Pero ¿cómo podría Xia Lian incluso ponerlo en sus ojos? Las siluetas de ella y de su hermano parpadearon y montaron las bestias demoníacas. Xia Lian se sentó a horcajadas sobre una temible bestia aviar con restos de la sangre de un Gran Roc en su linaje. Xia Fan estaba sentado sobre un terrible y aterrador tigre blanco que rugió atronador. Xiao Hundan asomó la cabeza del abrazo de Qin Wentian, mirando fríamente a las bestias demoníacas.

“¿Todavía eres infeliz?” La sonrisa en la cara de Xia Lian se volvió aún más radiante. Sentado sobre el tigre blanco, Xia Fan luego se elevó en el aire y habló en voz baja, “Xia Lian, vámonos”.

Ni siquiera se molestó en mirar a Qin Wentian. Los dos hermanos realmente tenían buenas habilidades de actuación. Anteriormente, habían exhibido tal entusiasmo, solo para revelar sus verdaderas caras ahora.

“Bueno”. Xia Lian asintió. Miró fríamente a Qin Wentian mientras su bestia despegaba.

Sin embargo, el impulso de la montura de Xia Lian se detuvo abruptamente. Su bestia demoníaca soltó un chillido, y giró su mirada para ver fríamente a Qin Wentian. Él estaba sosteniendo firmemente la cola de su bestia demoníaca, mirando a Xia Lian con una mirada fija. “Este lugar es la Mansión del Marqués. No quiero complicarle las cosas a Qing’er. Discúlpate y me olvidaré de este asunto”.

“¡IMPRUDENTE!” Xia Fan bufó fríamente cuando vio esta escena. “Cómo te atreves, perro esclavo”.

Qin Wentian inclinó la cabeza, y sus ojos eran como hielo mientras miraba a este par de hermanos. Realmente no tenían a nadie en sus ojos.

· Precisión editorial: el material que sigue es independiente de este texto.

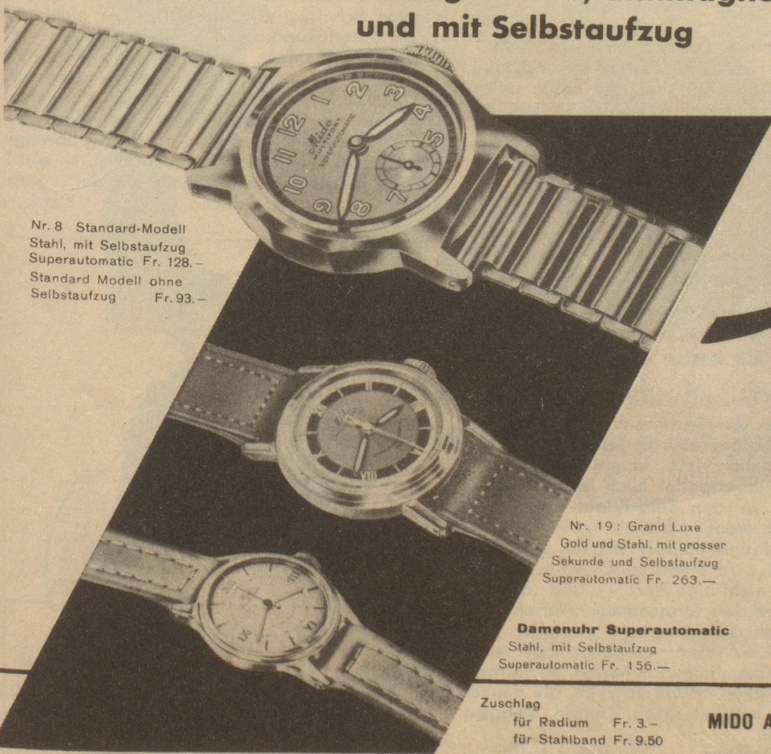
Nr. 8 Standard-Modell Stahl, mit Selbstaufzug Superautomatic Fr. 128.- Standard Modell ohne Selbstaufzug Fr. 93.-

Wir denken an den Alltag und wählen die Uhr, welche auch den härtesten Anforderungen standhält: 100% wasserdicht, stoßgesichert, antimagnetisch und mit Selbstaufzug
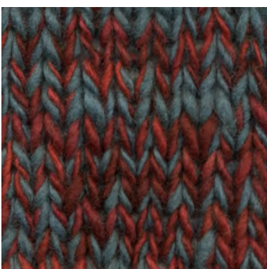
MCM-6422 / MCM-2370
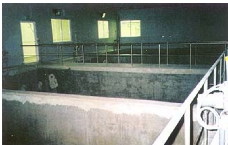
Komore za predozonizaciju
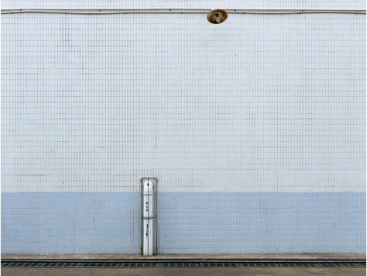
i.e. #26 (Guangzhou), 2014
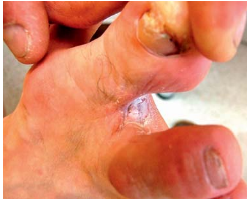
Abb. 2 Hyperkeratotische und interdigitale Tinea pedis durch Epidermophyton floccosum bei einem 29-jährigen Mann.

Abb. 1 Tinea pedis interdigitalis durch Trichophyton rubrum bei einem 59-jährigen Patienten mit hyperkeratotischen, trockenen, schuppigen und mazerierten Zehenzwischenräumen.
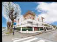
Montfermeil - Centre ville 53m 2 hab, 2 chambres, Balcon, stationnement, chauffage gaz, DPE C 199 000€*
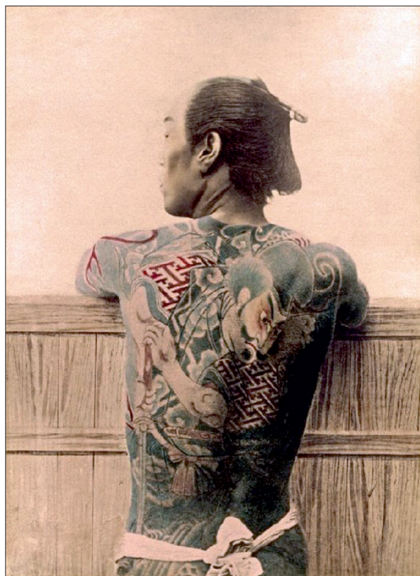
Figura 2: Fotografie realizată de Kusakabe Kimbei-“ Paysan Tatoue”, circa 1875.
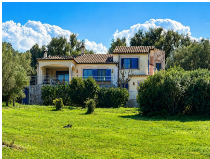
Vista de la casa desde la parte baja de la parcela
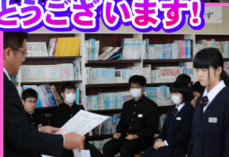
☆ おめでとうございます!
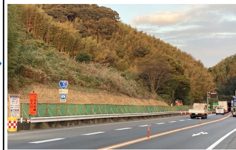
ネットフェンス設置
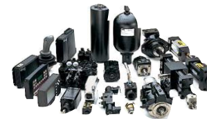
Гидравлические системы и компоненты
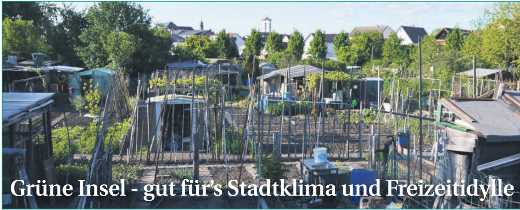
Grüne Insel - gut für's Stadtklima und Freizeitidylle

Frischluftschneisen und Kaltluftleitbahnen sind wichtig für den städtischen Luftaustausch und können die Auswirkungen des Hitzeinseleffekts in Städten reduzieren. Als wichtiges Kaltluftentstehungsgebiet gelten mitten in Seligenstadt die „Schwarzen Gärten“. Durch das Freihalten bzw. die Schaffung von Frischluftschneisen wird kühle Luft aus dem Umland in die Innenstadt hineingeleitet und die von Gebäuden
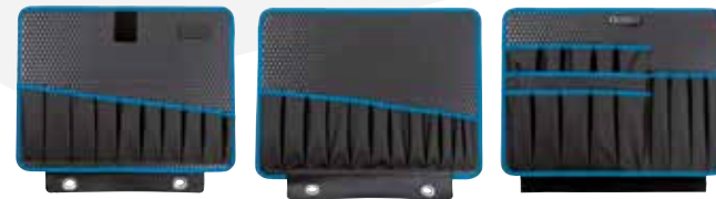
117.19/P-G 45 poches à outils + 94 boucles d'outils
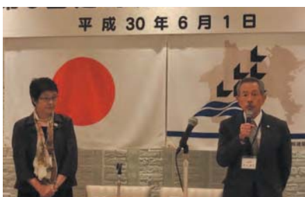
▲ 副議長を務められた柏木支部長のあいさつ
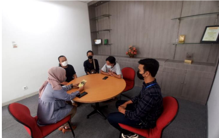
Gambar 5. Penawaran Produk Dano ke Gudang Alfa
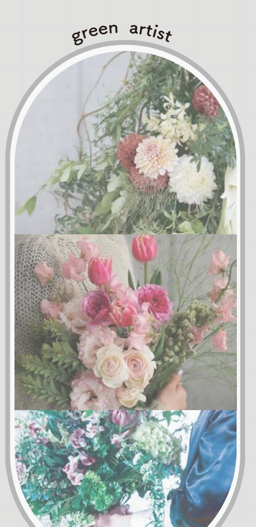
企業：ヘブンデュオ 「花・空間・香り・音」花を感じる楽しさ、花の魅力が様々なシーンに合わせて彩り豊かな暮らしを発信します
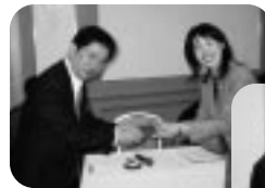
出席ラッキー賞 (H19.2.15/2月第2例会)
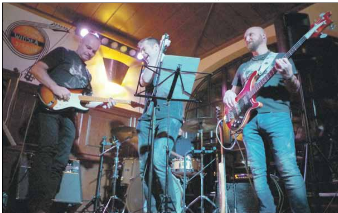
Wśród zespołów, które wystąpiły podczas festiwalu był również Tribute To The Doors
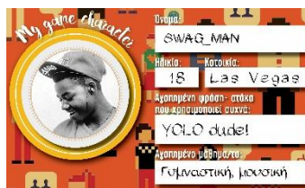
Σχήμα 2: Απόσπασμα συμπληρωμένης φόρμας για την δημιουργία του game character

Πριν ξεκινήσει το παιχνίδι, προηγήθηκε μια εισαγωγική φάση, όπου οι συντονιστές εξήγησαν στους μαθητές το αντικείμενο σχεδίασης και τους στόχους του παιχνιδιού, ενώ τους ζητήθηκε να δημιουργήσουν έναν «φανταστικό χαρακτήρα», με τον οποίο θα παίξουν στο παιχνίδι. Ο στόχος της δημιουργίας του φανταστικού χαρακτήρα ήταν να τους απελευθερώσει από το φόβο της άμεσης έκθεσης του εαυτού τους και να πυροδοτήσει την δημιουργικότητά τους (Triantafyllakos, Palaiogeorgiou & Tsoukalas, 2010). Για το σχεδιασμό του «φανταστικού χαρακτήρα» ακολουθήσαμε την τεχνική των σχεδιαστικών alter ego, που ανέπτυξαν οι Triantafyllakos et al. (2010) αφού πρώτα την προσαρμόσαμε στην ηλικία των παιδιών που συμμετείχαν. Τα παιδιά διαμόρφωσαν το προφίλ του φανταστικού χαρακτήρα πάνω σε μια έντοπη φόρμα επιλέγοντας αρχικά την εμφάνιση του χαρακτήρα τους μέσα από φωτογραφίες παιδιών της ηλικίας τους και συμπληρώνοντας τα ψυχολογικά και κοινωνικά του χαρακτηριστικά. Με την ολοκλήρωση της συμπλήρωσης της φόρμας, κάθε παιδί παρουσίασε στην υπόλοιπη ομάδα τον «χαρακτήρα» που δημιούργησε και χρησιμοποίησε την φωτογραφία του για να φτιάξει το πόνι του για το παιχνίδι. Τα παιδιά από το σημείο αυτό συμμετείχαν στο παιχνίδι με το όνομα του νέου χαρακτήρα.
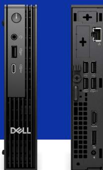
360-Grad-Ansicht erkunden >
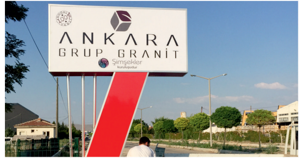
Ankara Grup Granit / Totem Tabela
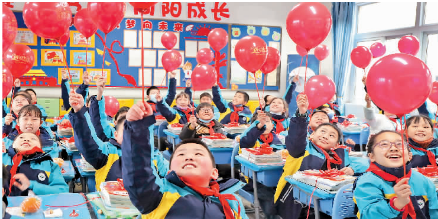
2月6日,浙江省杭州市桐庐县学府小学,学生在展示红色气球。

今年春季学期,是新冠病毒感染实施“乙类乙管”后首个学期。随着近日全国各地陆续进入开学季,师生们回到了阔别多日的校园。校园疫情防控的要求有哪些新变化?师生们的状态调整过来了吗?新学期的校园生活如何安排?
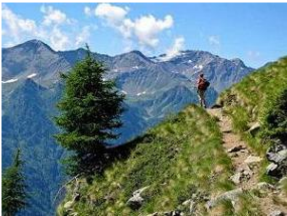
Cevedale – Németek útja
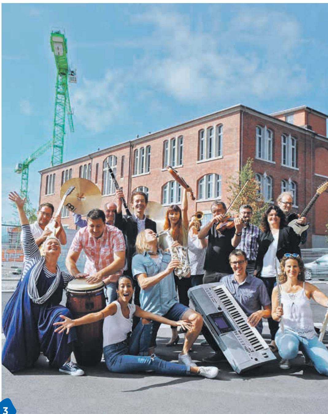
3 Los gehts! Ab Montag unterrichten die Lehrkräfte der Musikschule im Presswerk

“Perro esclavo, te enseñaré una lección en nombre de la Princesa Qing’er”. Xia Lian agitó su mano y un fiero látigo rojo arremetió de repente contra Qin Wentian. Instantáneamente, se formó una sombra de látigo, emitiendo un terrorífico silbido. Si este látigo golpeara, la carne de aquellos a los que azotara seguramente sería lacerada.

La palma de Qin Wentian brilló con un terrorífico resplandor rúnico, y agarró el largo látigo directamente con su mano. Cuando ese largo látigo golpeó contra su palma, no causó ningún daño.

Un temible chirrido resonó, y la bestia demoníaca de Xia Lian se abalanzó sobre Qin Wentian, exudando un aura funesta que se elevaba hacia el cielo.

Xiao Hundan presenció toda esta escena mientras estaba en el abrazo de Qin Wentian, y una luz oscura brilló en sus ojos. Con un estruendoso rugido, saltó y creció en tamaño, inmediatamente cortó con sus afiladas garras para atravesar el cerebro de la otra bestia demoníaca. Un aterrador vórtice rúnico de oscuridad se formó cuando el poderoso animal demoníaco dejó escapar alaridos de agonía, cada alarido lleno de desesperación. Estaba siendo devorado por la fuerza por Xiao Hundan.

Xia Lian estaba aturdida en esta escena. Su rostro pronto se volvió extremadamente feo para contemplar, borrando su sonrisa. ¿La bestia demoníaca de Qin Wentian se atrevió a devorar a su montura? Aunque su montura estaba simplemente en el nivel de Tianxiang, en última instancia seguía siendo su montura.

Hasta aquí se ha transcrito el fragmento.